Autonomous Vehicle/Video Geometry

[Uncertainty] Sensing

Naranjito 2025. 11. 30. 13:18

 

  • The robot in the image is sending out a green dashed line toward a cylindrical object, representing a measurement (probably range + bearing).

 

  • This is typical of range-bearing sensing, where you get both:

- Distance (range) to the object

- Direction (bearing) of the object

 

 

  • However, uncertainty in these sensors makes localization of objects ambiguous.

 


  • Banana Shape Problem

 

 

- A common nonlinear uncertainty distribution in range-bearing sensing.

- When you only measure distance and angle to an object from one position, your uncertainty in object location is not symmetric — it forms a curved, banana-like shape in 2D.


For example,

 

 

- An object is sensed 20 cm away at a 60° angle.

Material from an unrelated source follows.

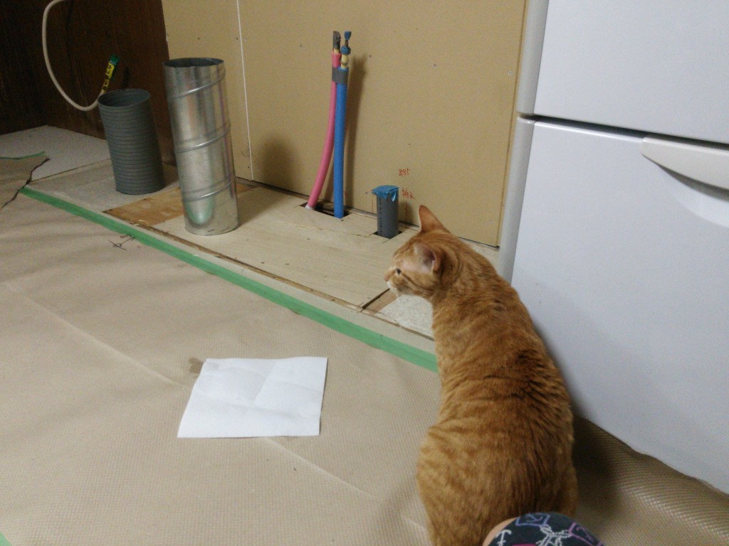 隣の貸家に住んでいた家族が引っ越したので、内装リフォームを実施中。 素敵なキッチンが入ったので、ついでにうちのも取り替えてもらうことにしました。 今日古いキッチンを撤去して、明日新しいのが入ります。 キッチンがトイレ代わりだった lan ちゃん、 ちょっと戸惑ってます。 << lan “トイレはどこ??” 明日朝に新しいキッチンが入るから、養生はそのままで そう言って業者の人が帰ったけど、部屋にひきつめてある養生シートが無事であることは保障できません。 2014-08-09

- But the sensors are imperfect:

Range error: ±1 cm

Bearing error: ±10°

- These errors create uncertainty in the actual object location.

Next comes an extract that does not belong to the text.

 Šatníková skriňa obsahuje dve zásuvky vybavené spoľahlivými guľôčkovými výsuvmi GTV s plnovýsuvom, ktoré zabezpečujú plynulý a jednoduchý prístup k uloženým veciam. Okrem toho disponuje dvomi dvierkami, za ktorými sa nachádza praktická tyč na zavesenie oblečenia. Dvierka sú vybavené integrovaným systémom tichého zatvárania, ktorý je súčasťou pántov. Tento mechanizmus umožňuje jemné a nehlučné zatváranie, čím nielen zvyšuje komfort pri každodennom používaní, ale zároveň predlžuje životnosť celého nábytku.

- The triangle and green dashed line show the robot and the direction of measurement, while the shaded area suggests the range of possible actual positions.


 

- To model uncertainty, generate 1,000 samples (particles) assuming:

Range r ∈ [19, 21] cm

Angle a ∈ [50°, 70°]

- Then transform to Cartesian coordinates: \( \begin{aligned} x &= r \cos(a) \\ y &= r \sin(a) \end{aligned} \)

 

- This produces a spread of points in 2D space that represent where the object might be.


 

 

- The generated particles form a cloud in a banana-like shape.

- One of them is the actual object, but we don’t know which.

- This motivates using a particle filter — a probabilistic approach that updates the belief of where the object is based on measurements.

- The banana-shaped distribution is not symmetric.

- It is not Gaussian, but a particle cloud.

- A first-order approximation may be fitted to this, but it’s not perfect.

- The transformation from range and bearing to Cartesian is nonlinear.

- We must linearize to apply linear estimation methods.

 


  • Linearization of Nonlinear Equation

 

- Use first-order Taylor expansion around a point \( (r_0, a_0)\) \[ f(x, y) \approx f(r_0, a_0) + \begin{bmatrix} \frac{\partial f}{\partial r} & \frac{\partial f}{\partial a} \end{bmatrix} \begin{bmatrix} r - r_0 \\ a - a_0 \end{bmatrix} \]

- This lets us represent the uncertainty locally using a matrix A (Jacobian) even though the original transformation is nonlinear.

- Here, the linearization point is chosen: \( r_0 = 20\,\text{cm}, \quad a_0 = 60^\circ \)

 

 

- At this point, compute the Jacobian matrix A to approximate the local uncertainty.